If a, b, c are unit vectors satisfying $|a-b|^2+|b-c|^2+|c-a|^2=9$ then find the value of $|2a+5b+5c|$
Options are:
A: $1$,
B: $2$,
C: $3$,
D: $4$
considering $|2a+5b+5c|^2$ as $k$ then
$54+20(a*b)+50(b*c)+20(c*a)=k$ and we know the value of $(a*b+b*c+c*a)$
where * is dot product . How to eliminate extra $(b*c)$
Let $A$ denote the angle between vectors $a$ and $b$, $B$ the angle between $b$ and $c$ and $C$ the angle between $c$ and $a$. By suitably renaming the vectors if necessary, we get the relation $A+B+C = 2 \pi$.
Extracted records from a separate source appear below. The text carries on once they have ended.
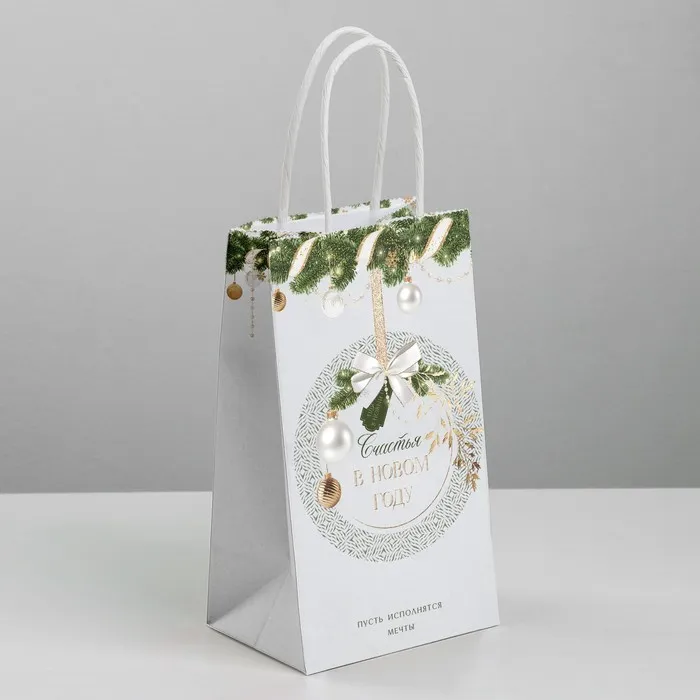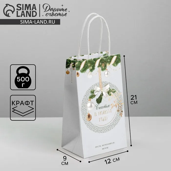 Пакет подарочный новогодний крафтовый «Мечты», 12 х 21 х 9 см — Характеристики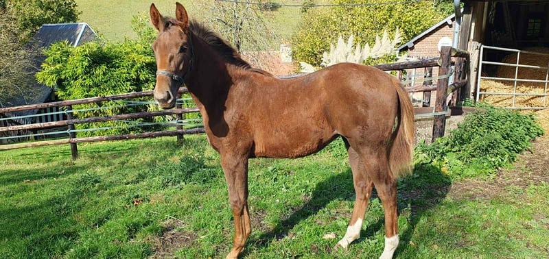 Cette magnifique pouliche Selle Français séduit par sa prestance, son expression et son modèle moderne. Issue d’un croisement haut de gamme, elle allie la puissance du dressage allemand à la finesse et la polyvalence des meilleures lignées françaises.Fille du célèbre Vitalis, référence mondiale en dressage et père de nombreux performers internationaux, elle hérite d’allures amples, élastiques et d’une locomotion naturellement ascendante.Sa mère Temesis (par Ciel d’Espoir alias Quattro B) a elle-même brillé en dressage pur jusqu’au niveau Saint-Georges (IDR 127), après une carrière remarquée dès le plus jeune âge : Victoire au Régional du Haras du Pin à 3 ans – modèle, allures et obstacle en liberté et montée. La souche maternelle est particulièrement solide : Une tante de Praga est IDR 136, Un oncle, étalon privé, affiche un ISO 131, témoignant d’une véritable souche mixte performante, avec des chevaux distingués aussi bien en dressage, CSO qu’en Modèles & Allures.Praga est une pouliche bien manipulée, équilibrée et proche de l’homme, au caractère exemplaire. Elle grandit dans d’excellentes conditions, régulièrement suivie (maréchal, vaccins, vermifuges à jour). Son modèle moderne et son cadre harmonieux laissent présager une taille adulte entre 1,65 m et 1,68 m. Elle se distingue déjà par de très belles allures, beaucoup de tonus, de rebond et de bonne volonté dans la préparation et l'exécution des concours d'élevage. Une jeune jument d’avenir, alliant chic, mental et génétique de tout premier plan, idéale pour un cavalier ou un éleveur souhaitant investir dans une lignée dressage moderne et prometteuse.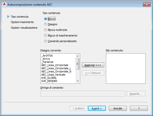 L'Autocomposizione contenuto AEC consente di creare contenuto personalizzato. È possibile creare blocchi, disegni e comandi a partire dai dati esistenti nel disegno corrente.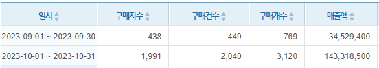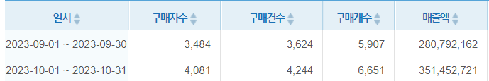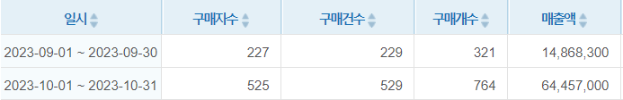 10월 기준 작년과 올해를 비교한 사진입니다.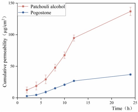 Figure 6 shows that the 24 h cumulative permeability of Patchouli alcohol and pogostone in the MEG group was 136.94 ± 6.58 µg/cm2 and 36.93 ± 1.4 µg/cm2, respectively in Table 2. The release of patchouli alcohol and pogostone from the PO-MEG occurred slowly over 24 h, with transdermal amounts stabilizing after 12 h. This behavior may be attributed to PO being retained in the deeper layers of the skin, allowing for more effective local action and indicating a slow-release effect of the gel. Additionally, the volatility of PO is mitigated by its formulation into the microemulsion gel, which helps to delay its evaporation and prolong the activity of its volatile components.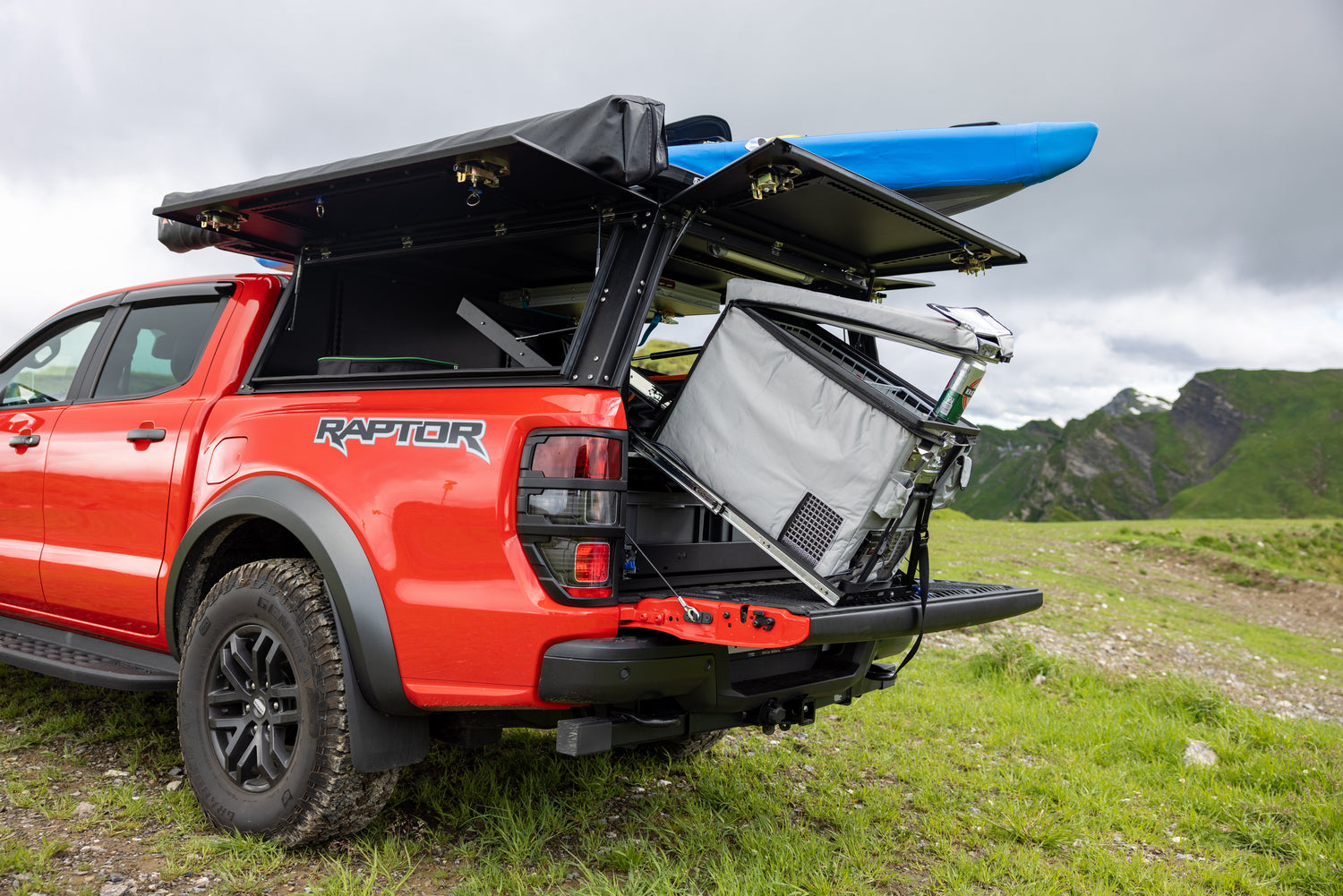 Le tiroir ROCKALU, équipé d'un plateau supérieur extrêmement robuste et d'un tiroir coulissant de grande qualité pouvant accueillir jusq'à 5 caisses RAKO standard (600x400) dans la version double cabine.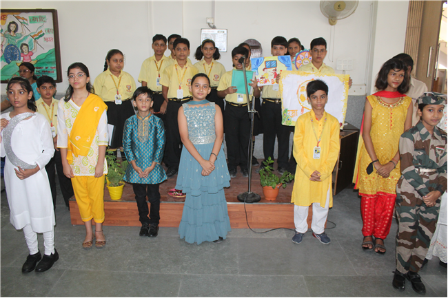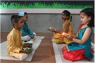Description: Std. 2 and 5 students jointly organized a special assembly on Raksha Bandhan, celebrating the timeless bond between brothers and sisters. A symbolic thali was prepared where girls tied Rakhis, symbolizing the endearing relationship between siblings. They eloquently spoke about the festival's significance, setting the tone for this memorable day. It was emphasized that this bond unites both brothers and sisters, fostering a mutual pledge of love and care. In a heartwarming gesture, all the school children crafted beautiful Rakhis to mark this auspicious occasion and shared them with the military personnel at the "cantonment area." The soldiers were deeply touched by this surprise from our students. Additionally, std. 5 students dressed as Mother Earth and symbolically tied a Rakhi to the moon, commemorating the successful landing of Chandrayaan 3. They also highlighted the importance of tree conservation, with girls tying Rakhis to trees to protect our Mother Earth. The assembly concluded with the entire class singing the popular song "Phoolon ka Taaron Ka," with enthusiastic support from the teachers, who also imparted valuable lessons during the assembly

From the given equation we get $-2(a.b+b.c+c.a) = 9$ or,
$\cos A + \cos B + \cos C = -3/2$
Now, we need to show that this is possible iff $A=B=C=2 \pi /3$
Let $A+B=2P$ and $A-B=2Q$, Then $\cos (P+Q) + \cos (P-Q) + \cos (2 \pi - 2P) = -3/2$
Using standard trigonometric identities and simplifying, we get a quadratic in $\cos P$ as follows $4 \cos ^2 P + 4 \cos Q \cos P + 1 = 0$, which has a real solution iff $\cos Q = 1$ i.e. $Q = 0$ or $2 \pi$. Its easy to show that $0$ is the only possible solution and hence $A=B$. Similarly, $B = C$. So, vectors $a, b, c$ are unit vectors with their end points forming an equilateral triangle.
Let $a = \vec{i}, b = -\frac{1}{2} \vec{i} +\frac{\sqrt{3}}{2} \vec{j}, c = -\frac{1}{2} \vec{i} -\frac{\sqrt{3}}{2} \vec{j}$
$|2a+5b+5c| = |-3 \vec{i}| = 3$